6月にジャクソンホールの“前哨戦”とも言える会合がありました。26~28日にポルトガルのシントラで開催された欧州中央銀行(ECB)の年次シンポジウムです。そこでは、何人かの中銀総裁が、利上げや量的緩和の縮小といった金融政策の正常化に関して市場の想定以上に前向きな発言を行っています。
まず、FRBのイエレン議長は金融政策の正常化をゆっくりと進める意向を表明しました。これは従来とほぼ同じです。一方、イングランド銀行(BOE)のカーニー総裁は、金融緩和を幾分解除することが必要になる公算が大きいとしました。従来は、欧州連合(EU)離脱(=ブレグジット)を懸念して金融緩和を継続する意向を示していたため、スタンスが変わったという印象を与えました。

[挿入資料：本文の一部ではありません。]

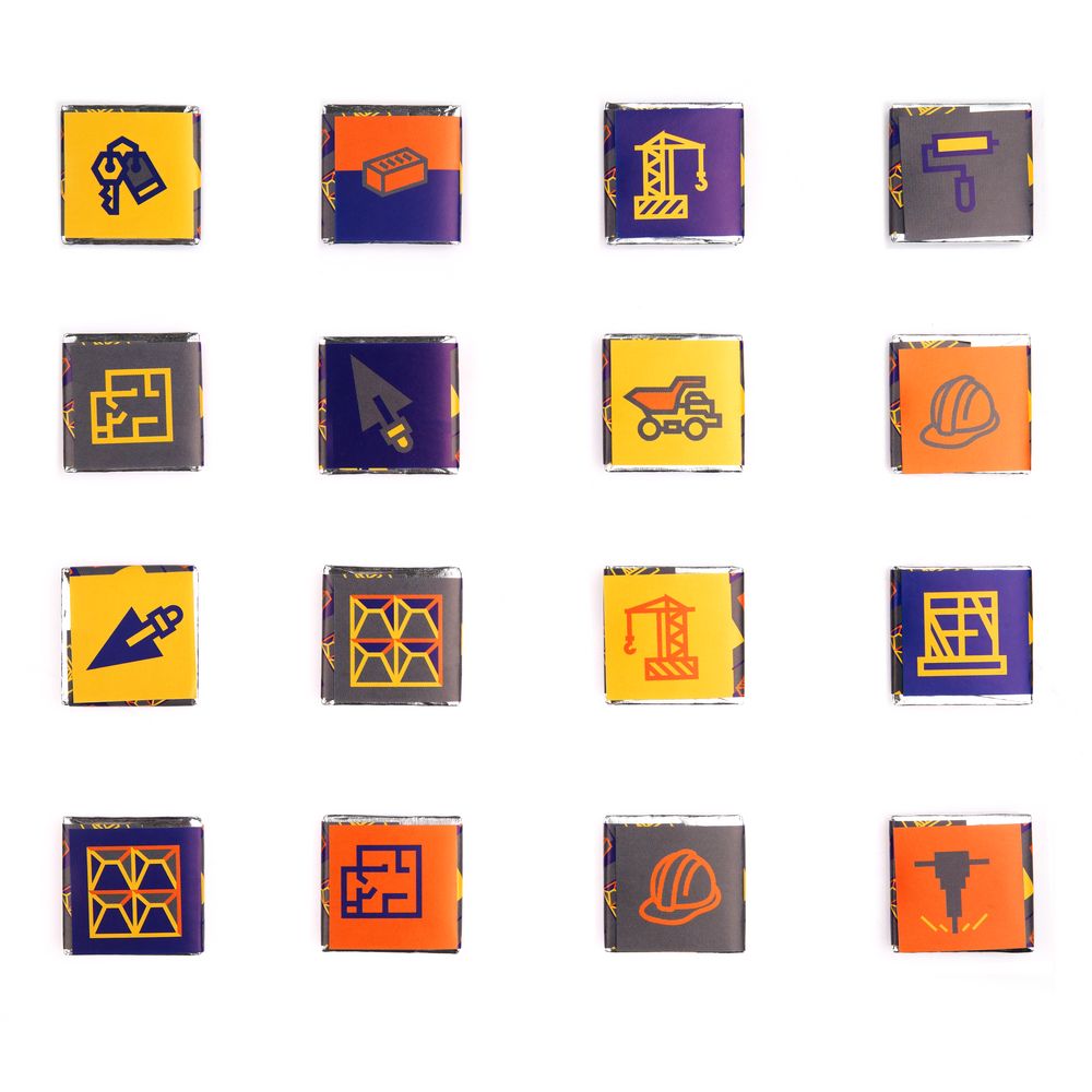 На обратной стороне каждой плитки изображены главные символы строительства. Шоколад горький, 60% какао. В набор входит 16 плиток по 5 г. Срок годности 12 месяцев.

カナダ銀行(BOC)のポロズ総裁は「(過去の2度の利下げが)役割を果たした」という6月上旬の発言を繰り返し、利上げに意欲を示しました。そして、7月12日に利上げに踏み切り、その発言を裏付けたのです。ECBのドラギ総裁は、ユーロ圏の景気や物価に対して楽観的な見解を示す一方で、金融緩和継続の必要性にも言及しました。ただし、「デフレ圧力がリフレの力に置き換わった」と発言したことから、市場は、現在も実施しているQE(量的緩和)縮小が視野に入ったと受け止めたようです。
日銀の黒田東彦総裁は質的・量的緩和について、効果を発揮してきたとしつつも、引き続き必要だとの見方を示しました。